Dataset extract →
*** Begin section ***

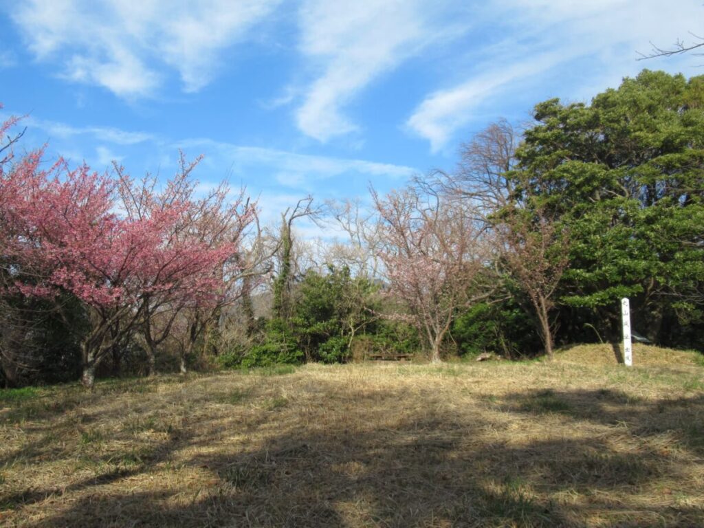 丸山城は、伊豆市八木沢にある水軍の城です。城址は、現在国道136号線で分断されていますが、八木沢海岸背後の、駿河湾に突き出た丸山(標高49m)に出城、その南側に伸びる海岸丘陵上に本城(新城)があったとされています。出城には曲輪や土塁、堀切状地形など、城の遺構が残っていますが、本城とされる区域の大半は現在畑となっています。また、現在埋め立てられて「丸山スポーツ公園」となっているあたりは、かつては広く波静かな入り江で、船溜まりとなっていたということです。丘陵の外海側は断崖絶壁で、駿河湾一帯を見渡せる丸山城は絶好の水軍基地だったのです。
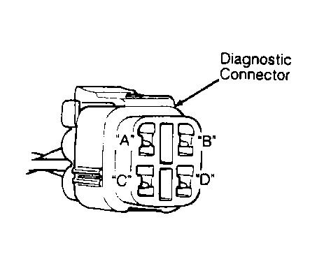 2. Remove cap from diagnostic connector, located near fusible link box by the battery. Connect jumper wire between terminals "C" (Black wire) and "D" (Blue/Red wire) of diagnostic connector. See Fig 1 .
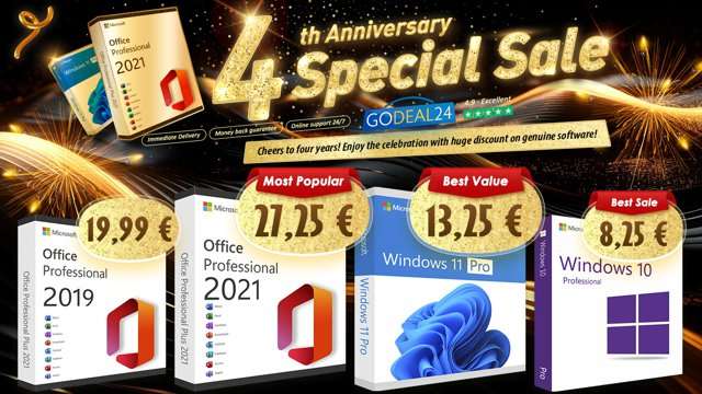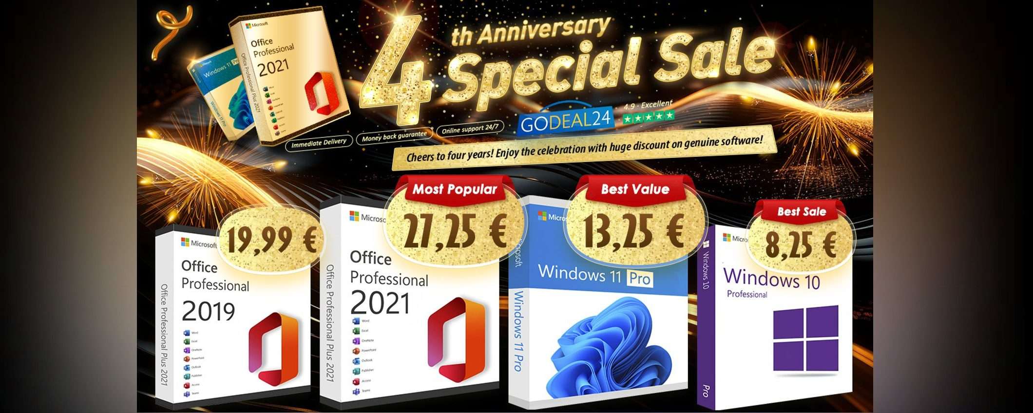 Godeal24 festeggia il suo quarto anniversario con un’eccellente vendita che offre prezzi speciali sulle licenze MS attraverso la 4th Anniversary Sale di Godeal24. La vendita, che si è svolta dal 19 al 26 maggio, ha introdotto anche pacchetti multi-chiave. Esploriamo le principali offerte sulle licenze Microsoft. Ottieni Microsoft Office Professional 2021 a vita per soli 27,25€ mentre il prezzo originale è di $ 439,99. Godeal24 ti farà risparmiare oltre il 90%. Per un’azienda o una famiglia, è molto più adatta la chiave Office 2021 Pro per 5 PC, che offre Office 2021 Professional a soli 17,25€ per PC! Il potente Office 2021 ha bisogno del supporto del sistema operativo Windows per svolgere un ruolo! Se stai ancora utilizzando una versione precedente del sistema operativo, approfitta di questa offerta e acquista l’ultimo Windows 11 Pro a partire da un prezzo pazzesco di 13,25€. Se stai pensando di acquistare una suite a vita e il sistema operativo Windows, questo è un ottimo modo per tenere più soldi in tasca. L’offerta a tempo limitato terminerà in breve tempo! Il team del servizio clienti 7/24 ti offrirà aiuto gratuito in caso di problemi!
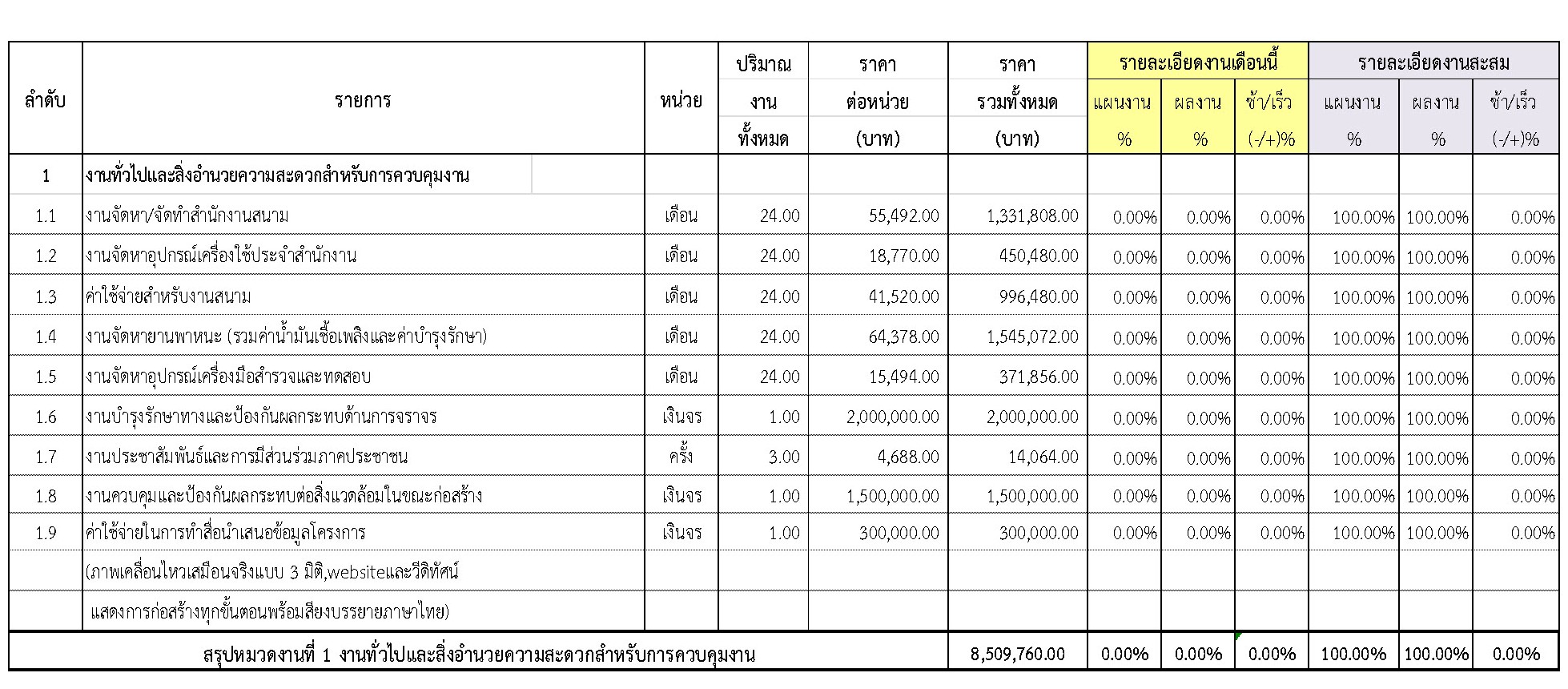 2.1 งานทั่วไปและสิ่งอำนวยความสะดวกสำหรับการควบคุมงาน

*** End section ***

Exercise requirements → Each line of the data above must be reproduced as written. Skip the pictures.

Output of the task →
 丸山城は、伊豆市八木沢にある水軍の城です。城址は、現在国道136号線で分断されていますが、八木沢海岸背後の、駿河湾に突き出た丸山(標高49m)に出城、その南側に伸びる海岸丘陵上に本城(新城)があったとされています。出城には曲輪や土塁、堀切状地形など、城の遺構が残っていますが、本城とされる区域の大半は現在畑となっています。また、現在埋め立てられて「丸山スポーツ公園」となっているあたりは、かつては広く波静かな入り江で、船溜まりとなっていたということです。丘陵の外海側は断崖絶壁で、駿河湾一帯を見渡せる丸山城は絶好の水軍基地だったのです。
 2. Remove cap from diagnostic connector, located near fusible link box by the battery. Connect jumper wire between terminals "C" (Black wire) and "D" (Blue/Red wire) of diagnostic connector. See Fig 1 .
 Godeal24 festeggia il suo quarto anniversario con un’eccellente vendita che offre prezzi speciali sulle licenze MS attraverso la 4th Anniversary Sale di Godeal24. La vendita, che si è svolta dal 19 al 26 maggio, ha introdotto anche pacchetti multi-chiave. Esploriamo le principali offerte sulle licenze Microsoft. Ottieni Microsoft Office Professional 2021 a vita per soli 27,25€ mentre il prezzo originale è di $ 439,99. Godeal24 ti farà risparmiare oltre il 90%. Per un’azienda o una famiglia, è molto più adatta la chiave Office 2021 Pro per 5 PC, che offre Office 2021 Professional a soli 17,25€ per PC! Il potente Office 2021 ha bisogno del supporto del sistema operativo Windows per svolgere un ruolo! Se stai ancora utilizzando una versione precedente del sistema operativo, approfitta di questa offerta e acquista l’ultimo Windows 11 Pro a partire da un prezzo pazzesco di 13,25€. Se stai pensando di acquistare una suite a vita e il sistema operativo Windows, questo è un ottimo modo per tenere più soldi in tasca. L’offerta a tempo limitato terminerà in breve tempo! Il team del servizio clienti 7/24 ti offrirà aiuto gratuito in caso di problemi!
 2.1 งานทั่วไปและสิ่งอำนวยความสะดวกสำหรับการควบคุมงาน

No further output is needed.